Dim Sum Diaries
One of my favorite authors, Nora Roberts, wrote that "it is strange how grief can hide inside you, like a virus laying low for months, even years, only to spring out and leave you weak and helpless again." My grandfather passed away a couple of years ago and it was a traumatic experience. Now and then memories of him will pop up and it is surprising how depressed I can still get, even after two years. I decided to write about what happened as a sort of cathartic exercise. So here it is:


I was roused groggily from my sleep when the phone began ringing insistently. It was 1:30 in the morning and I felt a sense of foreboding. A phone call at this hour usually meant bad news. It turned out to be from my sister. We talked for a few minutes and I immediately went to get dressed.

"What is it?" Hubby asked sleepily.

"It's Gung Gung (my maternal grandfather). I have to go. I don't know when I'll be back," I said.

"Call me," he requested.

"I will," I promised. I kissed him and headed out the door.

The night sky was an inky black as I drove like a woman possessed. It was a two hour drive to the hospital, but I was determined to make it there sooner. I concentrated on the empty road and the flat, black landscape gliding by, thereby avoiding having to think about the events leading up to this juncture.

Three Days Prior:

"Your Gung Gung has to go to the hospital," Mom told me worriedly. "He had a relapse for his prostate cancer. He has to stay there for at least a month and do chemotherapy."

"Don't worry, Mom," I reassured her. "He'll be out again in no time." I had just finished book by Marian Keyes in which one of the main characters successfully fought off cancer and was in remission. I took this as a sign that Gung Gung would be just as successful.

"You know, the doctor said his red blood cell count was so low that he was surprised that he was still alive," Mom replied.

"Don't worry, Mom," I repeated emphatically.

I made the trip to the hospital in 1 hour and 15 minutes. I was lucky I didn't get pulled over. When I stepped into the ICU waiting room, I saw that two of my aunts were already there. My cousins were huddled around their respective parents. My grandmother was sitting rigidly on an plastic orange chair with a stoic expression on her face.

"So what happened?" I asked my mom.

"I guess he collapsed in the bathroom. It was several minutes before someone found him. He didn't have any oxygen to his brain for that long," she said flatly. I sighed.
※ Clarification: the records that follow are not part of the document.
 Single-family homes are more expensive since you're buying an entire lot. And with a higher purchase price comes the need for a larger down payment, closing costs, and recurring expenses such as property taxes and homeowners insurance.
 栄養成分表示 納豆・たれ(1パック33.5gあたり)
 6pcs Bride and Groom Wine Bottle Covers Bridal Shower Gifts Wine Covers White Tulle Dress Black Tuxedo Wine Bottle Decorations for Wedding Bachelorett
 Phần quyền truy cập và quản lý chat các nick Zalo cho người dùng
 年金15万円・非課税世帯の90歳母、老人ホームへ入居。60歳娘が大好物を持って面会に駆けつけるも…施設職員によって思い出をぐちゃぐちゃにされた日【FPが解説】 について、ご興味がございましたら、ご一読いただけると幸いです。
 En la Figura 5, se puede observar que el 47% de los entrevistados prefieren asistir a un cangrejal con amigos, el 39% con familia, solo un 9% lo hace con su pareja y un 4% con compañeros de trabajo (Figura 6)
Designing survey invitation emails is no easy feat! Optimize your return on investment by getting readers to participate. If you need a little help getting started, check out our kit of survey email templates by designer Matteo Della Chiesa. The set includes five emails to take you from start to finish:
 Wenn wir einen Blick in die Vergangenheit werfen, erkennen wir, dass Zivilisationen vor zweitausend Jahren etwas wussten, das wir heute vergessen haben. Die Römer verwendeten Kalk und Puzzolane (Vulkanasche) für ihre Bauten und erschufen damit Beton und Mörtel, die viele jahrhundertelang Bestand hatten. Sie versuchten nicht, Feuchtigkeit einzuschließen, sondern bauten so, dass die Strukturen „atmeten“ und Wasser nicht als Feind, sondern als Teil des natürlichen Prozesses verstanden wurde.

I approached Pou Pou (my maternal grandmother). How exactly could I use my limited Chinese to express the depths of my feelings?
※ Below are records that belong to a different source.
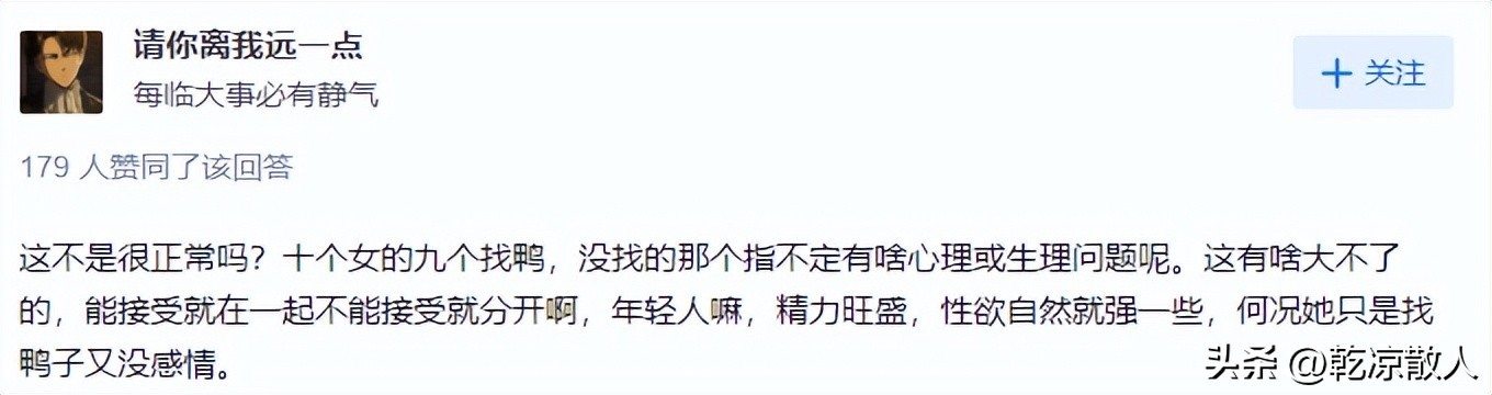 “这不是很正常吗?是个女的九个找鸭,没找的那个指不定有啥心理或者生理问题呢。这有啥大不了的,能接受就在一起不能接受就分开啊!”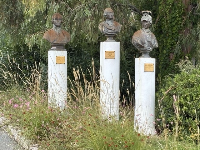 Centre & Right busts – In 1781, two brothers, Alexei and Grigory Orlov, were among the first notable Russian visitors to Villefranche-sur-Mer. In 1996, these two statues representing the Orlov brothers were donated by the Saint Petersburg Naval Academy. Left Bust – Fyodor Fydorovitch Ushakov (1744-1817) was the founder of the Russian fleet.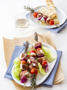 Spiedini di pane e agnello con insalata di melanzane
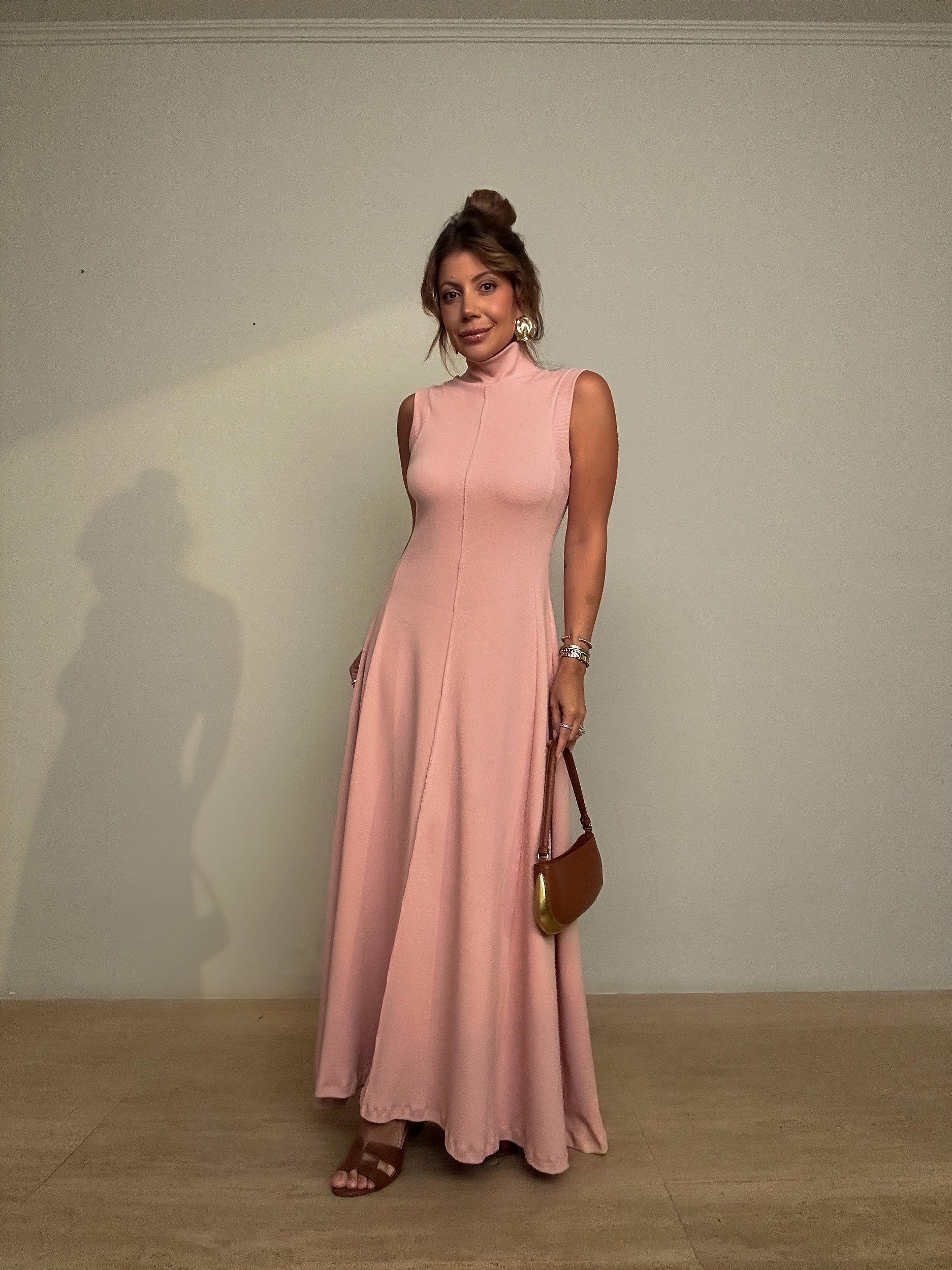 Vestido Midi alongado rosa chá, moderno e elegante.Confeccionado em ribana canelada encorpada, o modelo possui recortes estratégicos que valorizam a silhueta com sofisticação. A golinha traz um toque minimalista e atual, enquanto o design cavado garante leveza.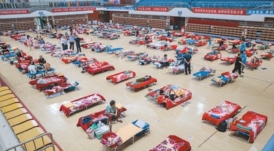 8月3日拍攝的北京房山區(qū)良鄉(xiāng)體育中心安置點。本報記者 張武軍攝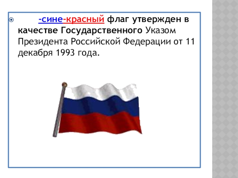 Слайд 16Бело-сине-красный флаг утвержден в качестве Государственного Указом Президента Российской Федерации от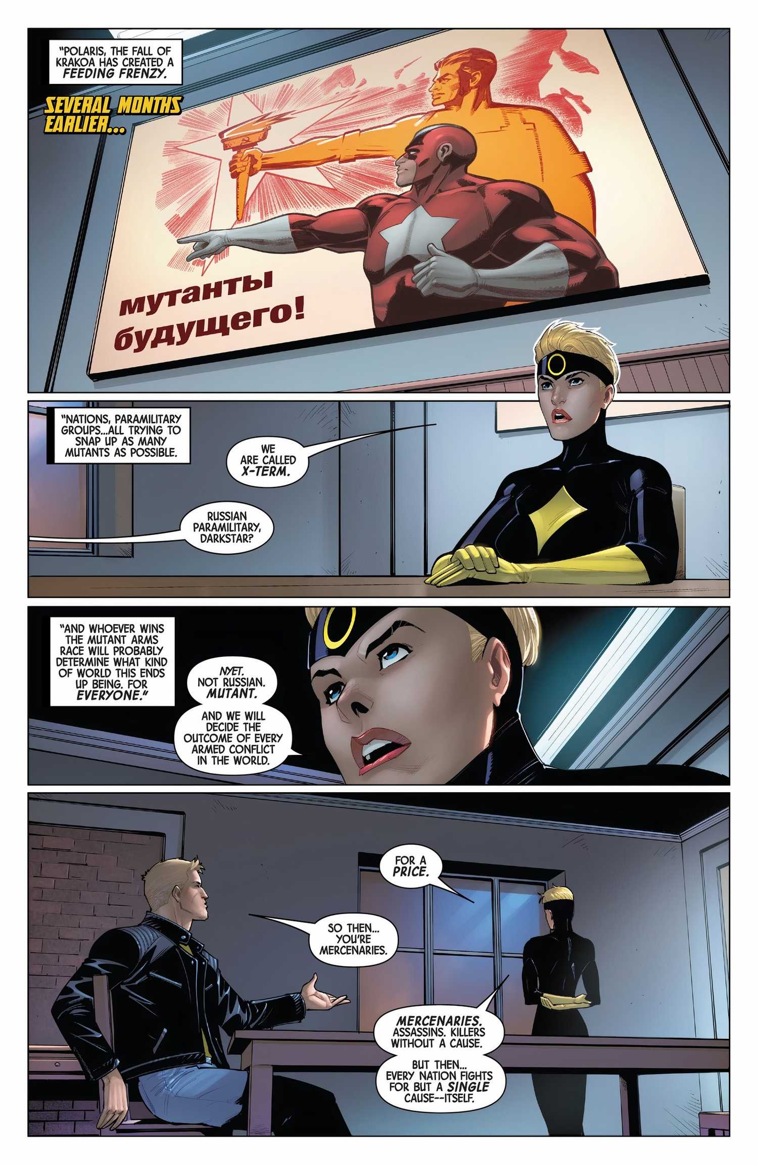 Factor X El número 1 fue escrito por Mark Russell y dibujado por Bob Quinn. Havok está debatiendo si unirse a la última encarnación de X-Factor. Esta nueva versión cuenta con patrocinio corporativo, y Havok lucha con esto. Polaris escucha y Havok, en un intento de racionalizar lo que está haciendo, le informa que después de que Krakoa cayera, instigó una “carrera armamentista mutante”, en la que las naciones y los grupos paramilitares comenzaron a reclutar mutantes para sus filas.

"I love you Pou Pou," I told her in Chinese. I patted her back awkwardly. "Everything is going to be okay," I added in English.

She nodded to me. "Ah-Wun, gwai," she replied. "Ah-Wun" was her nickname for me. "Gwai" meant I was being a good girl.

We were still waiting for Aunt G to drive in from San Francisco. Nobody really knew what to expect or how long we would have to wait before the next step was taken. Do we let him stay indefinitely on life support or not? In the meantime, we all took turns visiting his room. I hesitated slightly before going to his room, but I went with my mom and sister to visit. My uncle was already in the room. Gung Gung was pale beneath his tanned skin. His hands would twitch at intervals. Sometimes he would open his eyelids and I could see his eyes rolling around. Then his eyes would close again. I tentatively touched his hand. It was so cold. The contrast between the man that I knew and the man on the bed was a striking contrast. This was the man who babysat me as a baby by taking me to the racetrack. Gung Gung was a vibrant figure who always had a smile for me. The man with a strong profile and a fondness for good food and shopping at factory outlets. He could be at times a distant figure, but was there for his children when it counted. He would blush and shoo me away in when I made a big deal of kissing his cheek in greeting. He was great with children. When we went to Hawaii for my sister's wedding, he babysat my daughter. The emotional connection with my grandfather was even stronger for my mom, her siblings and my grandmother. I could only imagine how much deeper their distress and despair were.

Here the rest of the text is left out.